* [RECORDED INFORMATION]:
○ ○ ○ ○ ○ ○ ○
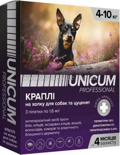 | Капли Unicum Pro от блох вшей волосоедов комаров москитов иксодовых клещей для собак 4-10 кг/ 3 шт (4820150206529) Unicum Pro входит в группу инсектоакарицидных препаратов для наружного применения.Динотефурон – производное от гуанидина, относится к нейротоксинам класса неоникотиноидов, влияет на постсинаптические ацетилхолиновые рецепторы нервной системы, вызывая гибель насекомых.Пирипроксифен - аналог... | 187.00 безнал с НДС: 187.00 | |
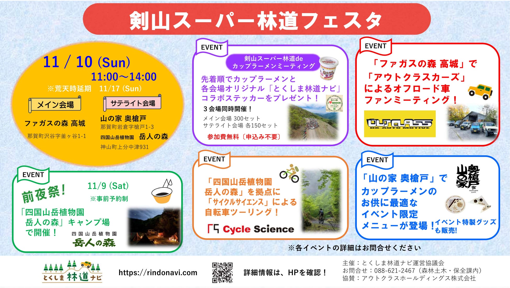 日本一の長さを誇り、オフロードの聖地と呼ばれる剣山スーパー林道において、徳島県や市町村などで構成する「とくしま林道ナビ運営協議会」が、民間事業者との官民連携イベントとして「剣山スーパー林道フェスタ」を開催します。
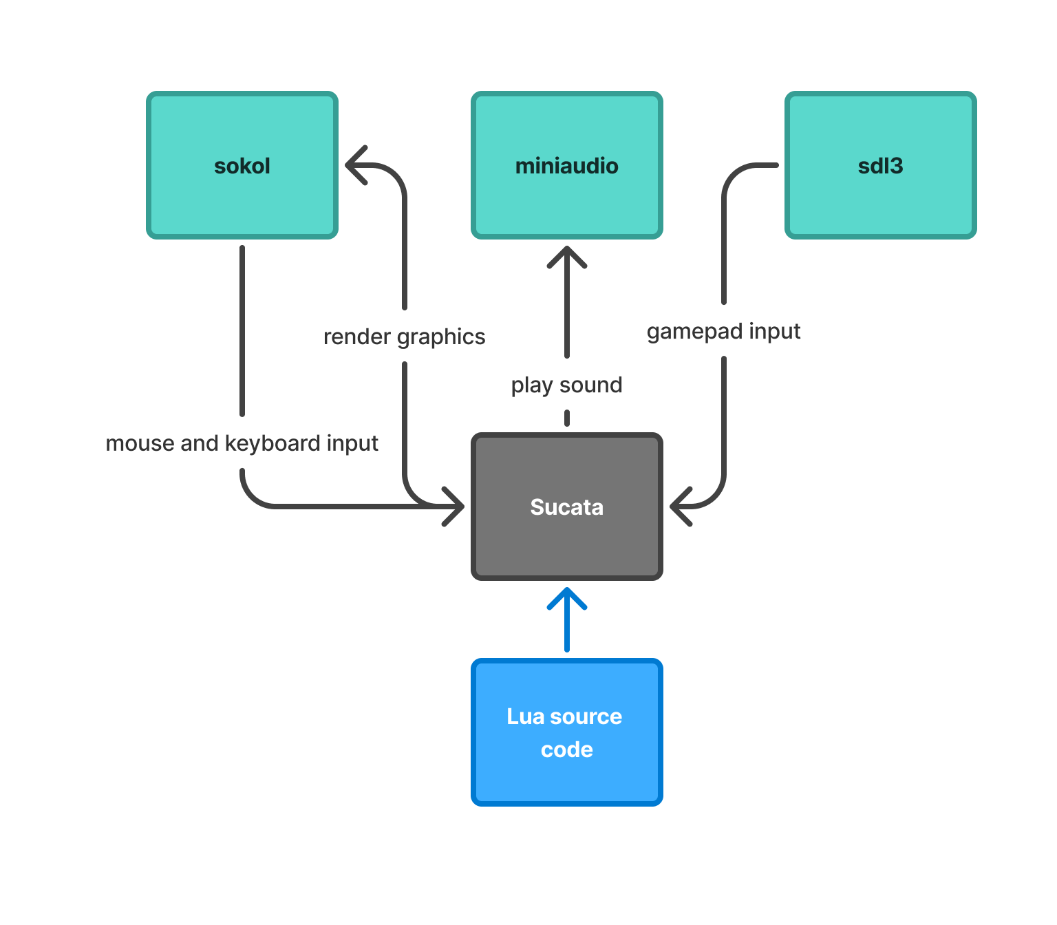 The engine interprets the lua source code, registering actions, calling sokol for graphic render, miniaudio for play audio, receiving gamepad input from sdl, keyboard and mouse inputs from sokol, and any events call back some lua functions
○ ○ ○ ○ ○ ○ ○
* [THE TASK]: Repeat the data exactly in full, omitting its pictures.

* [OUTPUT FOR THIS TASK]:
 | Капли Unicum Pro от блох вшей волосоедов комаров москитов иксодовых клещей для собак 4-10 кг/ 3 шт (4820150206529) Unicum Pro входит в группу инсектоакарицидных препаратов для наружного применения.Динотефурон – производное от гуанидина, относится к нейротоксинам класса неоникотиноидов, влияет на постсинаптические ацетилхолиновые рецепторы нервной системы, вызывая гибель насекомых.Пирипроксифен - аналог... | 187.00 безнал с НДС: 187.00 | |
 日本一の長さを誇り、オフロードの聖地と呼ばれる剣山スーパー林道において、徳島県や市町村などで構成する「とくしま林道ナビ運営協議会」が、民間事業者との官民連携イベントとして「剣山スーパー林道フェスタ」を開催します。
 The engine interprets the lua source code, registering actions, calling sokol for graphic render, miniaudio for play audio, receiving gamepad input from sdl, keyboard and mouse inputs from sokol, and any events call back some lua functions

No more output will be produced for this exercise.